- [Activity]: A verbatim copy of the full data, with no pictures, is the expected answer.

- [Source data]:
▽
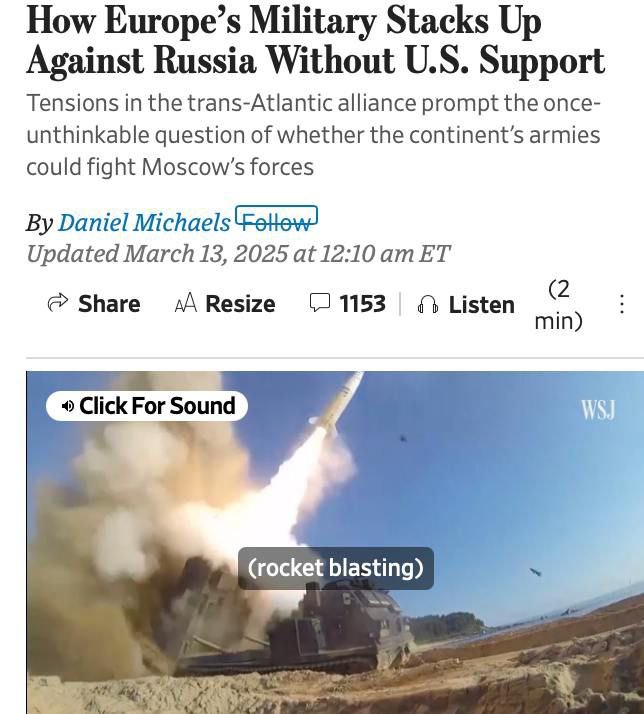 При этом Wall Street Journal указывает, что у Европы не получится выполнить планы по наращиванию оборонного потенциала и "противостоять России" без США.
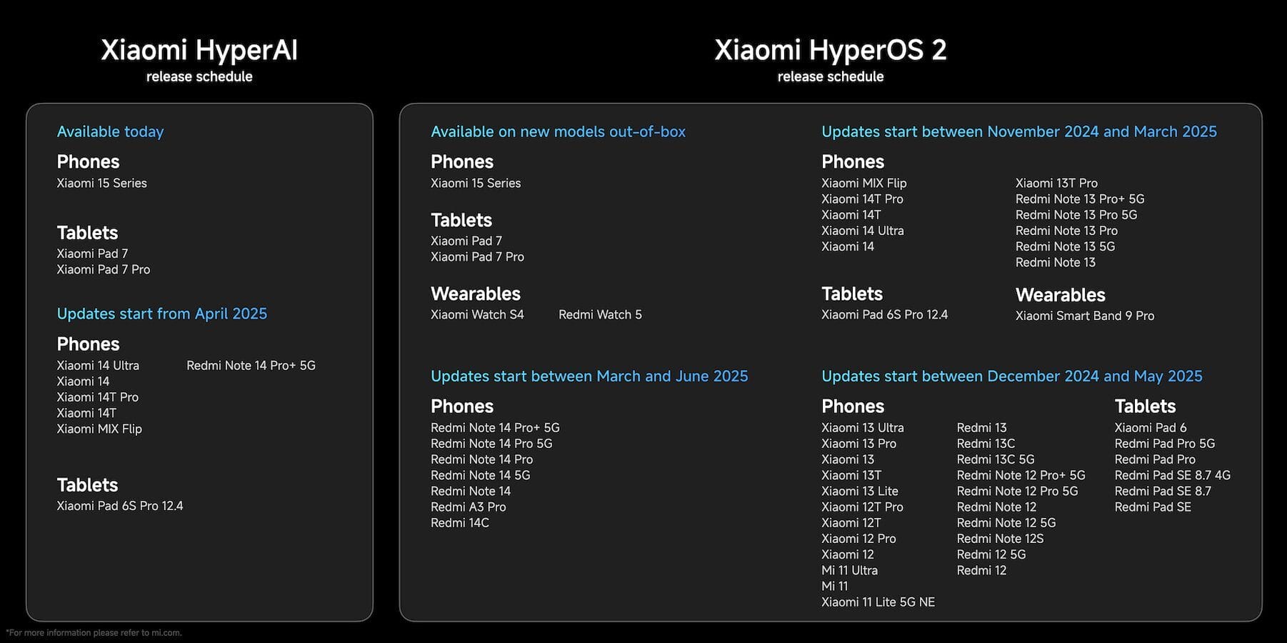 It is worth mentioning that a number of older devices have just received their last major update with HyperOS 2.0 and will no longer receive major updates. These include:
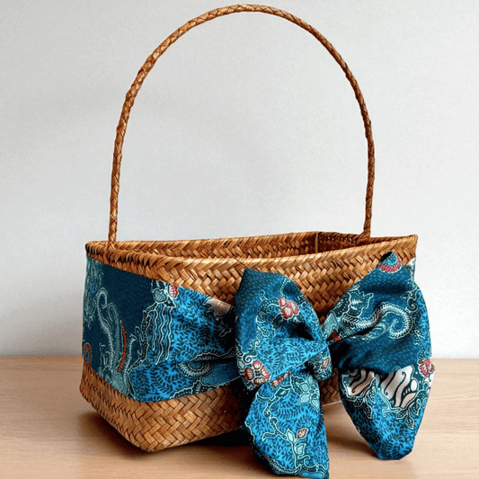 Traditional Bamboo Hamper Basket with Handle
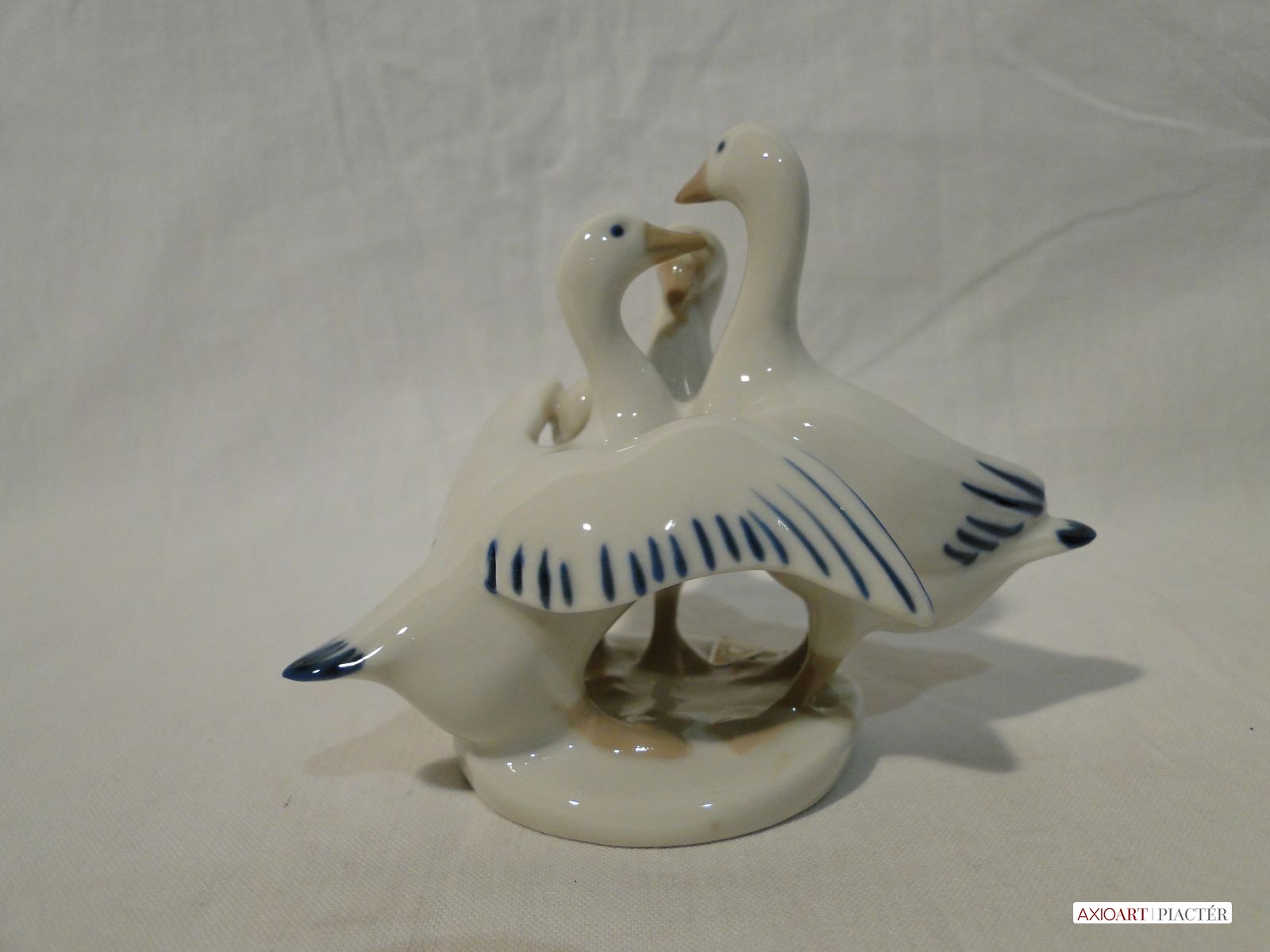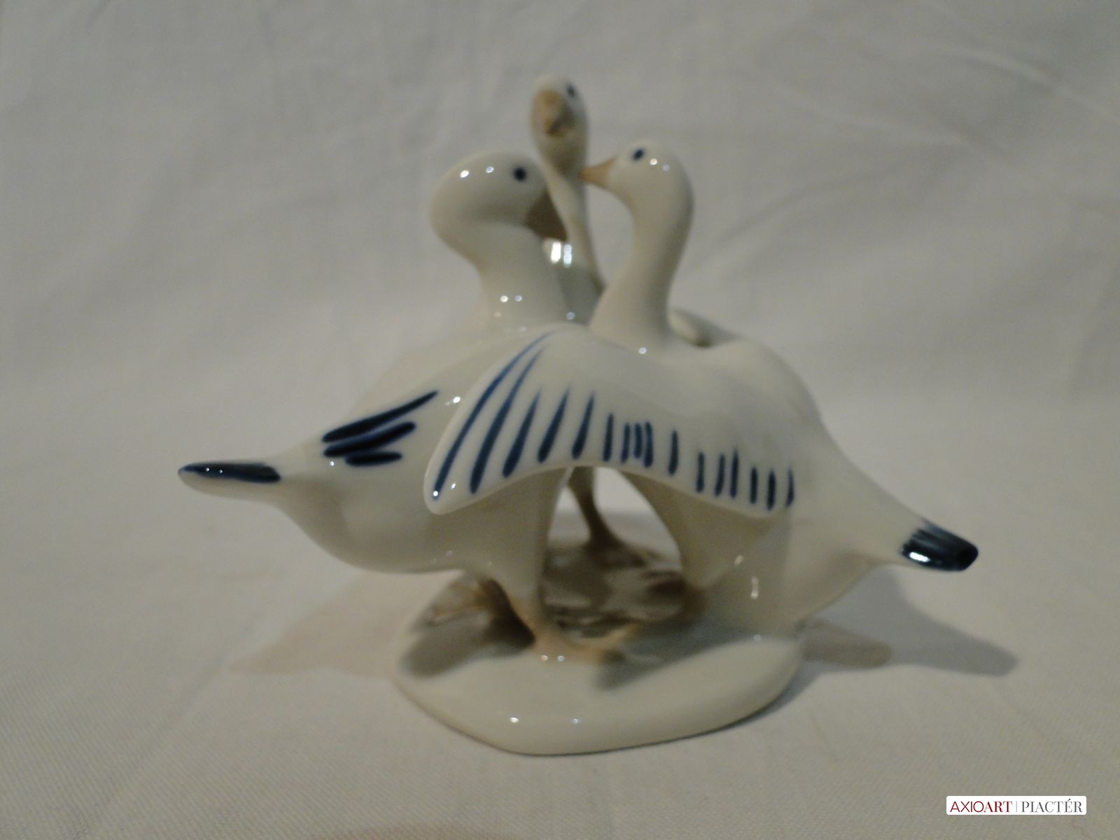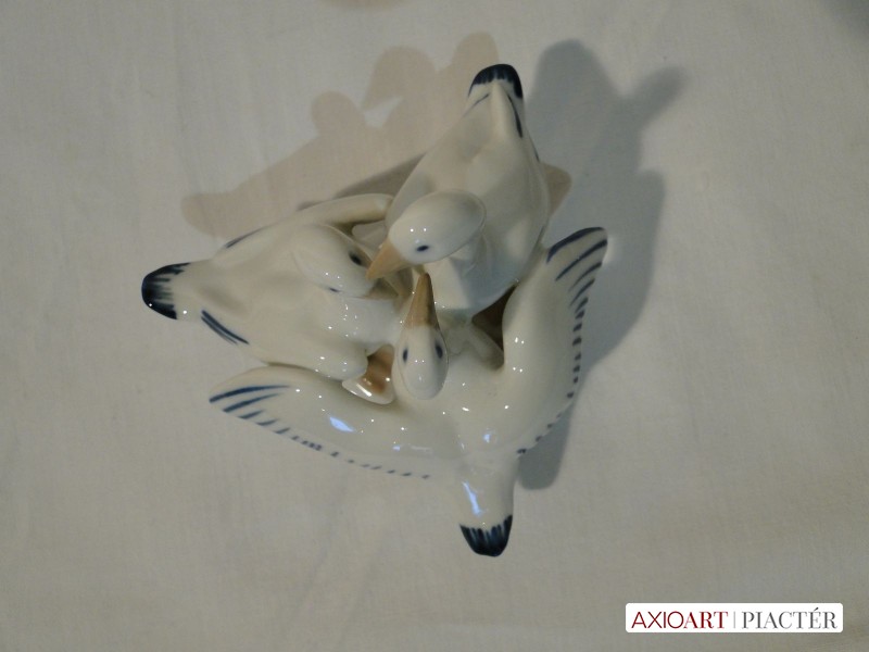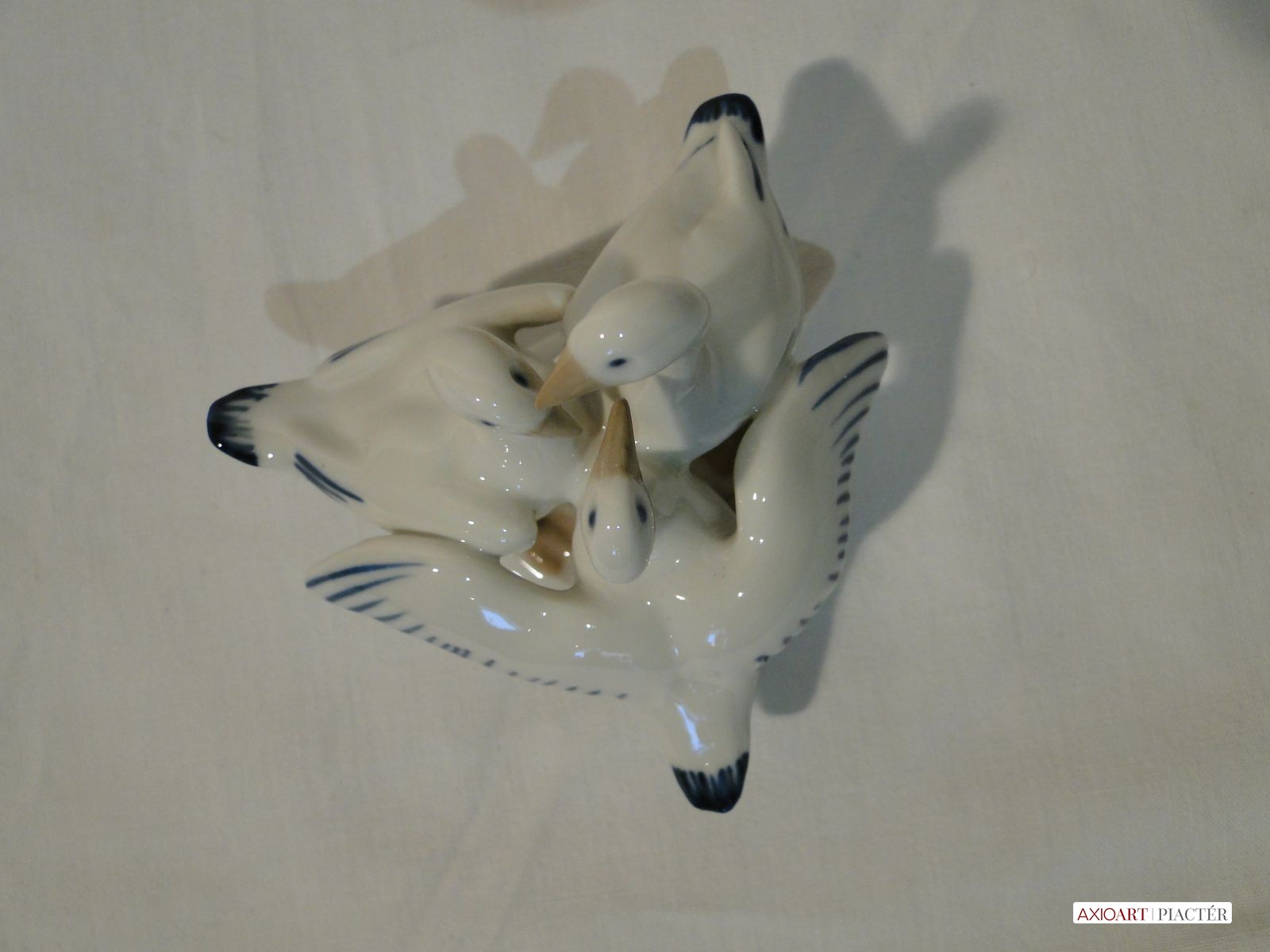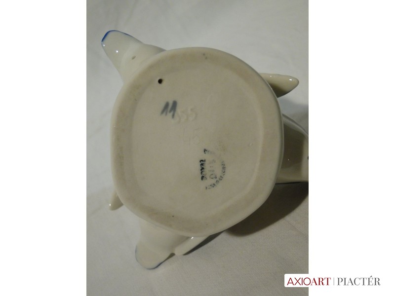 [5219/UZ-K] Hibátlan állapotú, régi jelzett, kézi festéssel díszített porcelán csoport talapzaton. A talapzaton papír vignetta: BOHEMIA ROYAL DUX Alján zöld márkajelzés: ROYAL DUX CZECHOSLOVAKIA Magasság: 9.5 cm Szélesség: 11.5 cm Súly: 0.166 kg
△
- [Answer to this task]:
 При этом Wall Street Journal указывает, что у Европы не получится выполнить планы по наращиванию оборонного потенциала и "противостоять России" без США.
 It is worth mentioning that a number of older devices have just received their last major update with HyperOS 2.0 and will no longer receive major updates. These include:
 Traditional Bamboo Hamper Basket with Handle
 [5219/UZ-K] Hibátlan állapotú, régi jelzett, kézi festéssel díszített porcelán csoport talapzaton. A talapzaton papír vignetta: BOHEMIA ROYAL DUX Alján zöld márkajelzés: ROYAL DUX CZECHOSLOVAKIA Magasság: 9.5 cm Szélesség: 11.5 cm Súly: 0.166 kg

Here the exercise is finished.